[Data segment Boundary: Start]
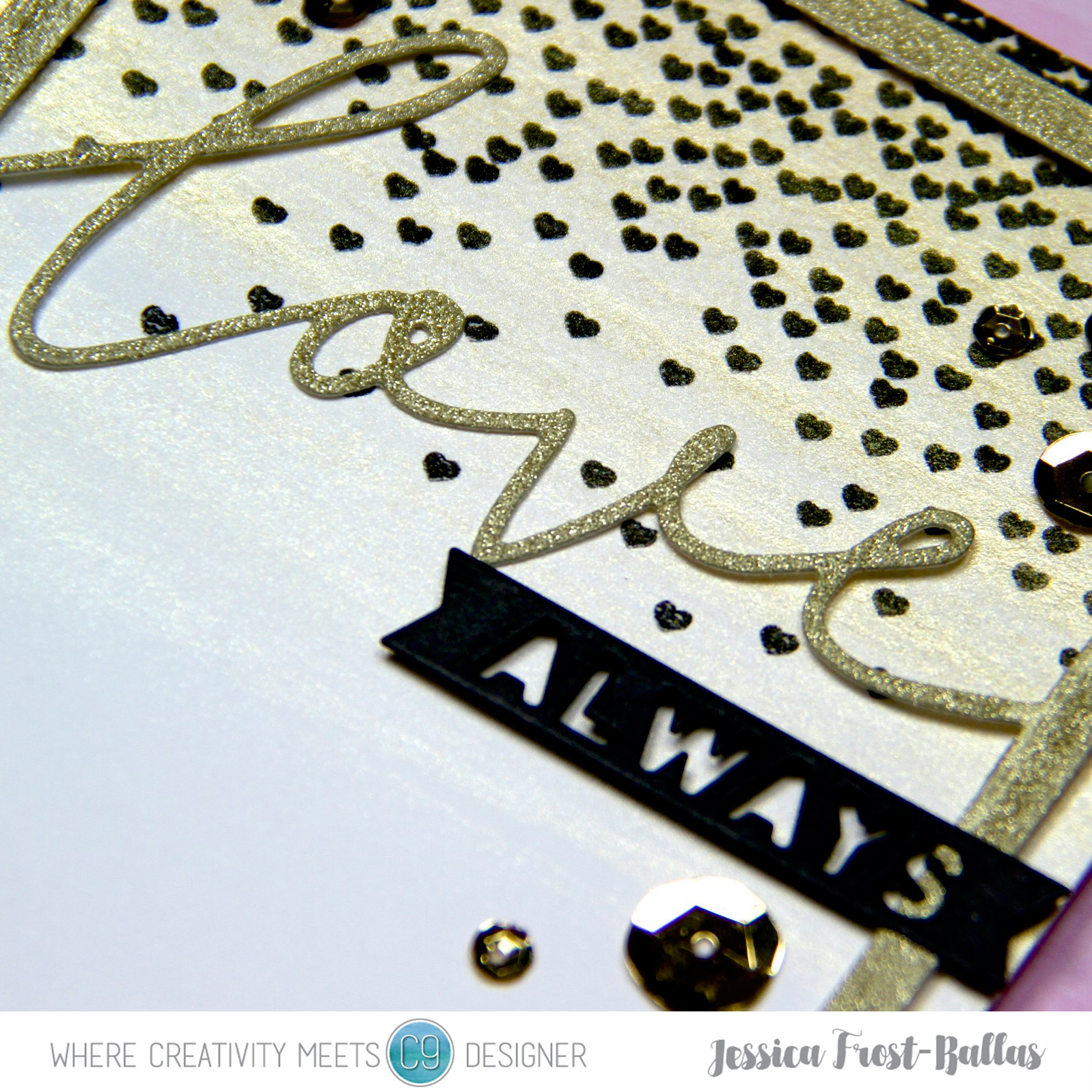 Next I die-cut the sentiment banner from Love Always Frame dies with black cardstock and adhered it to the gold frame. Then I adhered the frame to the background with foam mounting tape. And finally I added a little extra sparkle with a sprinkling of metallic gold sequins!
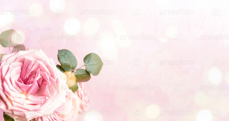 Розовые розы на нежном пастельно-розовом фоне с огнями боке. Цветочный праздничный баннер для романтического праздника или весеннего образа. День святого Валентина, День матери, женский день, свадьба. Закрыть. Копировать пространство
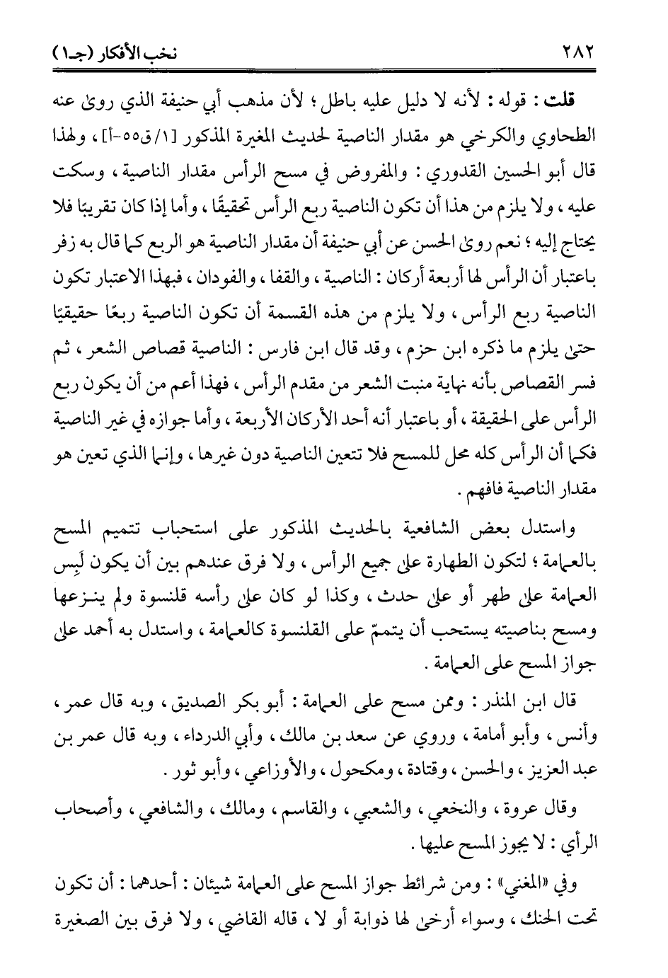 قلت: قوله: لأنه لا دليل عليه باطل؛ لأن مذهب أبي حنيفة الذي روى عنه الطحاوي والكرخي هو مقدار الناصية لحديث المغيرة المذكور، ولهذا قال أبو الحسين القدوري: والمفروض في مسح الرأس مقدار الناصية، وسكت عليه، ولا يلزم من هذا أن تكون الناصية ربع الرأس تحقيقًا، وأما إذا كان تقريبًا فلا يحتاج إليه؛ نعم روى الحسن عن أبي حنيفة أن مقدار الناصية هو الربع كما قال به زفر باعتبار أن الرأس لها أربعة أركان: الناصية، والقفا، والفودان، فبهذا الاعتبار تكون الناصية ربع الرأس، ولا يلزم من هذه القسمة أن تكون الناصية ربعًا حقيقيًا حتى يلزم ما ذكره ابن حزم، وقد قال ابن فارس: الناصية قصاص الشعر، ثم فسر القصاص بأنه نهاية منبت الشعر من مقدم الرأس، فهذا أعم من أن يكون ربع الرأس على الحقيقة، أو باعتبار أنه أحد الأركان الأربعة، وأما جوازه في غير الناصية فكما أن الرأس كله محل للمسح فلا تتعين الناصية دون غيرها، وإنما الذي تعين هو مقدار الناصية فافهم.
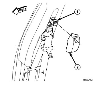 11. Insert the upper tab of the turning loop trim cover (2) into the slot in the height adjuster cover above the knob on the upper B-pillar, then roll the bottom of the cover down over the turning loop and use hand pressure to press firmly and evenly on the cover until it snaps into place.
[Data segment Boundary: End]
What you should do:
Pictures are not part of the copy. Please reproduce the material word for word.

Exercise response:
 Next I die-cut the sentiment banner from Love Always Frame dies with black cardstock and adhered it to the gold frame. Then I adhered the frame to the background with foam mounting tape. And finally I added a little extra sparkle with a sprinkling of metallic gold sequins!
 Розовые розы на нежном пастельно-розовом фоне с огнями боке. Цветочный праздничный баннер для романтического праздника или весеннего образа. День святого Валентина, День матери, женский день, свадьба. Закрыть. Копировать пространство
 قلت: قوله: لأنه لا دليل عليه باطل؛ لأن مذهب أبي حنيفة الذي روى عنه الطحاوي والكرخي هو مقدار الناصية لحديث المغيرة المذكور، ولهذا قال أبو الحسين القدوري: والمفروض في مسح الرأس مقدار الناصية، وسكت عليه، ولا يلزم من هذا أن تكون الناصية ربع الرأس تحقيقًا، وأما إذا كان تقريبًا فلا يحتاج إليه؛ نعم روى الحسن عن أبي حنيفة أن مقدار الناصية هو الربع كما قال به زفر باعتبار أن الرأس لها أربعة أركان: الناصية، والقفا، والفودان، فبهذا الاعتبار تكون الناصية ربع الرأس، ولا يلزم من هذه القسمة أن تكون الناصية ربعًا حقيقيًا حتى يلزم ما ذكره ابن حزم، وقد قال ابن فارس: الناصية قصاص الشعر، ثم فسر القصاص بأنه نهاية منبت الشعر من مقدم الرأس، فهذا أعم من أن يكون ربع الرأس على الحقيقة، أو باعتبار أنه أحد الأركان الأربعة، وأما جوازه في غير الناصية فكما أن الرأس كله محل للمسح فلا تتعين الناصية دون غيرها، وإنما الذي تعين هو مقدار الناصية فافهم.
 11. Insert the upper tab of the turning loop trim cover (2) into the slot in the height adjuster cover above the knob on the upper B-pillar, then roll the bottom of the cover down over the turning loop and use hand pressure to press firmly and evenly on the cover until it snaps into place.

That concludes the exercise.